Marcos é extremamente franco em sua narrativa, ele não hesita em mencionar a falta
de entendimento dos discípulos (4:13; 6:52; 8:17,21; 9:10,32), que a própria
família de Jesus o considerava como tendo enlouquecido (3:21), ele ainda diz
que Jesus não podia realizar milagres em Nazaré por causa da incredulidade do
povo (6:5-6). Marcos é igualmente sincero em “sua descrição das reações humanas
de Jesus.

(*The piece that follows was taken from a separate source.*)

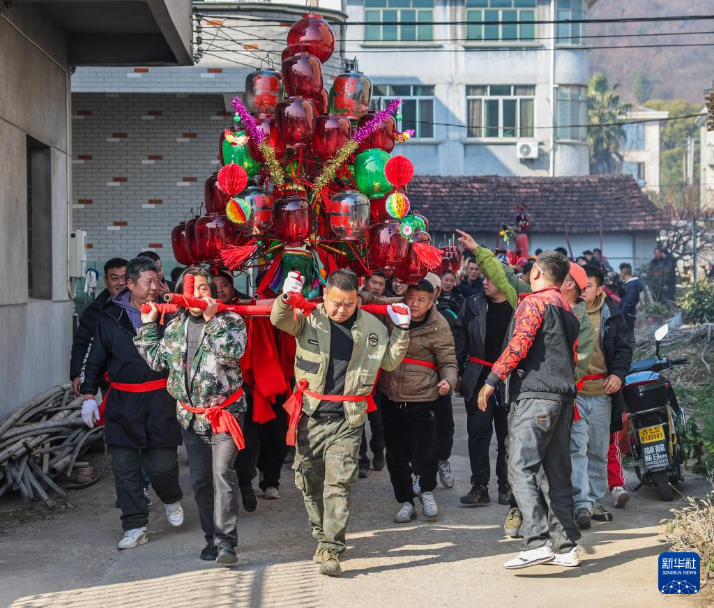 当日是农历正月十三,浙江省金华市金东区赤松镇虎岩村村民肩扛由100余节板凳组成的传统五彩龙灯,沿村道蜿蜒游舞。板凳龙的龙头被彩灯包裹,装饰有花卉、祥云等图案,在烛光摇曳间营造出“龙腾盛世”的年俗画卷。每年元宵节前后,浙江省金华市金东区赤松镇的各村村民都会舞起板凳龙灯,祈求来年风调雨顺、五谷丰登。
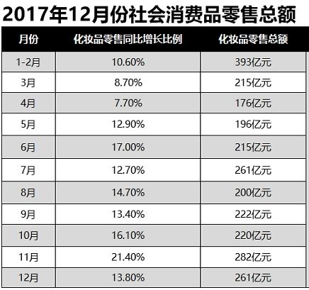 昨日国家统计局发布了2017年12月份社会消费品零售总额及增长数据。数据显示,2017年全年,社会消费品零售总额为366262亿元,比上年增长10.2%。其中,化妆品零售总额达到2514亿元,同比增长13.5%。

As emoções como compaixão, ira, dor, severidade, tristeza, afeto e
amor são todos atribuídos a ele”.[18]
Este Evangelho é conhecido como “o Evangelho
aos gentios”. Percebe-se uma ausência de traços judeu-cristão que é tão comum
no Evangelho de Mateus. Na história da mulher siro-fenícia, o Evangelho de
Marcos não apresenta como em Mateus, Jesus respondendo: “eu não fui enviado
senão às ovelhas perdidas da casa de Israel” (Mt 15:24, ARC). E Jesus em seu
sermão escatológico em Mc 13, faz a seguinte observação no verso 10, “é
necessário que antes o evangelho seja pregado a todas as nações”.[19]